Plus de 80 % des hémato-oncologues pédiatres belges effectuent leurs activités de recherche en dehors de leurs heures de travail, faute de temps protégé suffisant, ressort-il d’une enquête publiée par KickCancer mercredi, à l’approche de la Journée mondiale du cancer de l’enfant du 15 février. L’association, qui a réalisé cette étude avec la Société belge d’hémato-oncologie pédiatrique (BSPHO), alerte sur un modèle jugé fragile, où l’accès aux innovations thérapeutiques dépend largement de sacrifices personnels.
L’enquête montre que 42 % des répondants consacrent entre deux et cinq heures par semaine à la recherche après leurs consultations, 29 % entre cinq et dix heures, et 14 % plus de dix heures. KickCancer souligne que, dans une discipline où les cancers sont rares mais complexes, les progrès reposent essentiellement sur la recherche académique et les essais cliniques universitaires.
En oncologie pédiatrique, 80 à 90 % des patients belges sont pris en charge dès le diagnostic dans le cadre d’une étude clinique académique. Ces essais constituent, selon l’organisation, « le standard de soin » car ils garantissent l’accès aux traitements les plus récents et standardisent l’ensemble du parcours thérapeutique. Les oncologues belges doivent aujourd’hui maîtriser plus de 50 protocoles académiques, alors que la discipline recense 16 grands types de cancers pédiatriques et de nombreux sous-types.
« Quand vous choisissez de devenir oncologue pédiatre, vous savez que cela implique des longues journées (…) mais accepter un nouveau projet se fait toujours au coût de notre temps libre.
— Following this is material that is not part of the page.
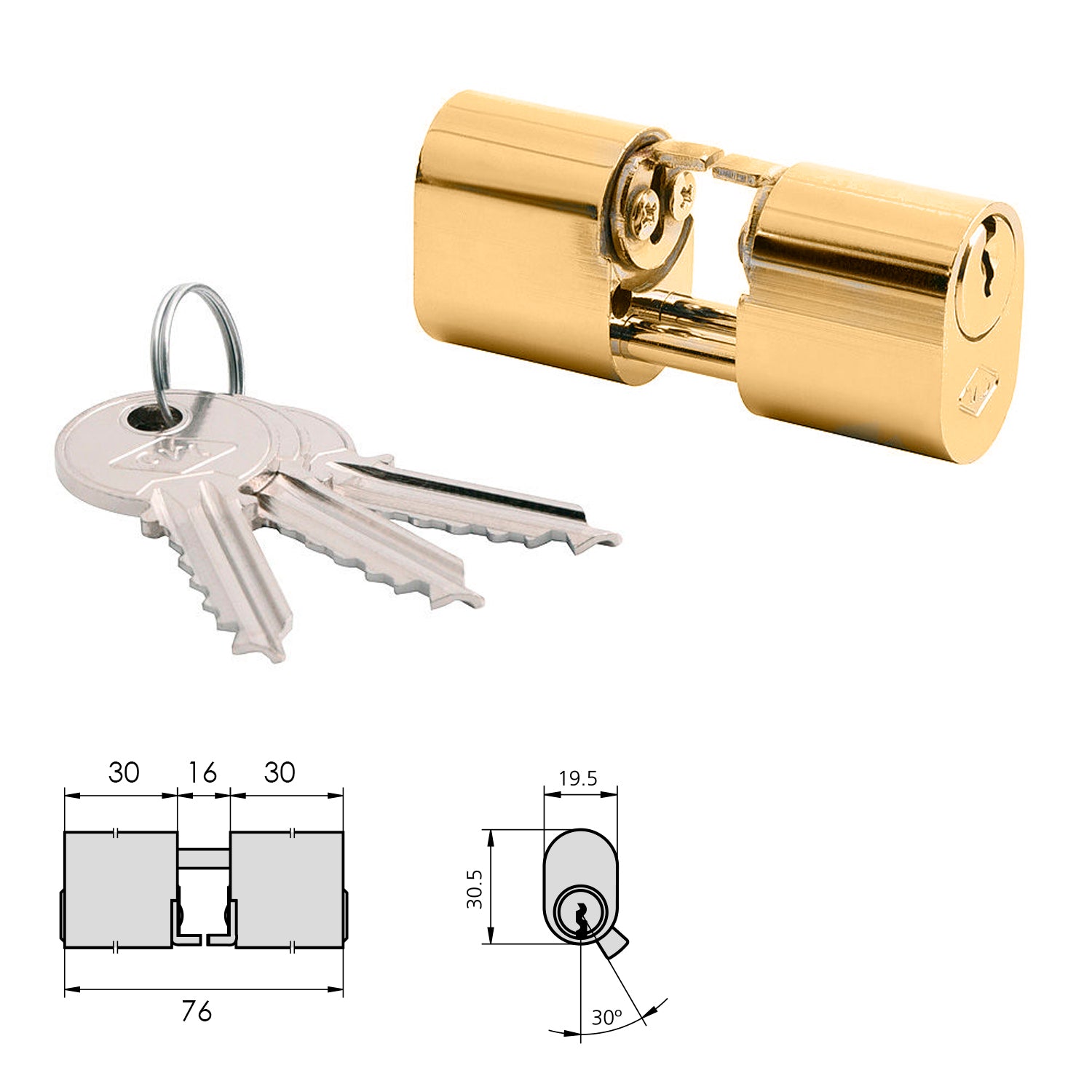 CVL 5979 Cylinder / 30x30 / Oval Polished Brass Cams and Rods Double Cylinder

Investir en plus de tout cela dans la recherche n'est en réalité pas très réaliste », témoigne la Pr Barbara De Moerloose (UZ Gent), citée dans le communiqué.
KickCancer met en avant une motivation intacte malgré ces contraintes : 65 % des médecins interrogés recommanderaient cette spécialité à de futurs confrères et 64 % souhaiteraient consacrer davantage de temps à la recherche. En théorie, 22 % de leur temps de travail pourrait y être dédié, mais ce quota est absorbé par la charge clinique, les gardes et les tâches administratives.
« Cette enquête a démontré l’énorme motivation des oncologues pédiatres mais aussi la fragilité actuelle du système. Nous ne pouvons pas nous résigner à une situation où l’innovation dépend de sacrifices personnels », commente Delphine Heenen, de KickCancer, qui plaide pour un soutien structurel afin de développer des traitements « plus efficaces et moins toxiques ».
La BSPHO insiste également sur la complexité organisationnelle de la discipline. « En oncologie pédiatrique, le nombre absolu de patients est plus bas que chez les adultes, mais la complexité est particulièrement importante. Des petites équipes de 3 à 7 médecins doivent aujourd’hui se spécialiser dans tous les types de tumeurs (…) du traitement à la rechute. C’est difficilement tenable », explique Pierre Mayeur, de la société scientifique.
Les auteurs rappellent aussi que la recherche sur les cancers pédiatriques ne peut se concevoir qu’à un niveau supranational, la Belgique participant à des groupes de travail européens pour atteindre une masse critique de patients. Des exemples étrangers sont cités comme sources d’inspiration : aux Pays-Bas, 20 % du temps médical est protégé pour des tâches non cliniques ; en France, les médecins seniors sont partiellement déchargés de gardes, et des infirmiers spécialisés de niveau master contribuent à alléger la charge des oncologues.
Dans ce contexte, KickCancer annonce une nouvelle bourse lancée en 2025 en collaboration avec le FNRS et le FWO. Elle doit permettre à deux oncologues pédiatres de libérer 50 % de leur temps clinique pour la recherche. L’hôpital du lauréat recevra une compensation de 70.000 euros pour recruter un médecin à mi-temps, tandis que jusqu’à 10.000 euros de « bench fees » financeront matériel ou déplacements scientifiques. Les lauréats seront annoncés fin mai 2026. Au total, 320.000 euros sont investis sur deux ans, avec une possibilité de renouvellement jusqu’à dix ans.
KickCancer et la BSPHO ont par ailleurs transmis des recommandations communes dans le cadre du futur Plan cancer national, demandant notamment un financement structurel des essais académiques, la reconnaissance d’une Consultation oncologique multidisciplinaire nationale en oncologie pédiatrique, ainsi qu’un financement pour la cellule de coordination de la BSPHO.
« Quiconque souhaite améliorer les traitements offerts aux enfants atteints d’un cancer ne peut pas compter sur les heures supplémentaires bénévoles des médecins. Ce modèle n’est tout simplement pas durable », conclut KickCancer.